A Final Thought for Police Leadership

Policing asks people to do some of the hardest work in society. Officers and staff deal daily with trauma, violence, and human suffering that most people will never encounter. In that environment, strong teams and trust between colleagues matter more than almost anything.

But trust requires two things to exist at the same time: accountability and understanding.

Neurodivergence should never be used to excuse behaviour that harms colleagues. But ignoring neurodivergence altogether is equally damaging, because it leaves many officers and staff struggling silently in systems that were never designed with their brains in mind.

The reality is that ADHD already exists in policing. In significant numbers. I would bet my last pound coin that there are going to be hundreds, if not thousands, more officers and staff diagnosed within the next few years. And they will all need support.

The question for police leadership is not whether neurodivergence is real. It is whether forces are prepared to understand it properly — before misunderstanding, conflict, and preventable workplace problems continue to play out in tribunals and headlines.

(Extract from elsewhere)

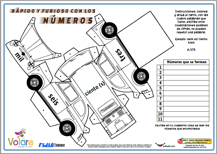 Instrucciones: colorea y arma el carro (coche), con las cuatro palabras que tiene, escribe once combinaciones posibles de cifras, no puedes repetir una palabra. Ejemplo: seis mil ciento tres 6,103

Because supporting neurodivergent staff and maintaining professional standards are not competing priorities.

They are both part of building police forces that are healthier, safer, and better able to serve the public.

One of the biggest problems with the way ADHD is portrayed in the media is how simplified the narrative often becomes. Headlines tend to reduce ADHD to a stereotype — either a quirky personality trait or a convenient excuse for behaviour — when the reality is far more complex. In my work with neurodivergent women, I regularly see how misunderstood ADHD still is, particularly when it comes to things like emotional intensity and the years many women spend masking their symptoms in order to fit in at work or socially.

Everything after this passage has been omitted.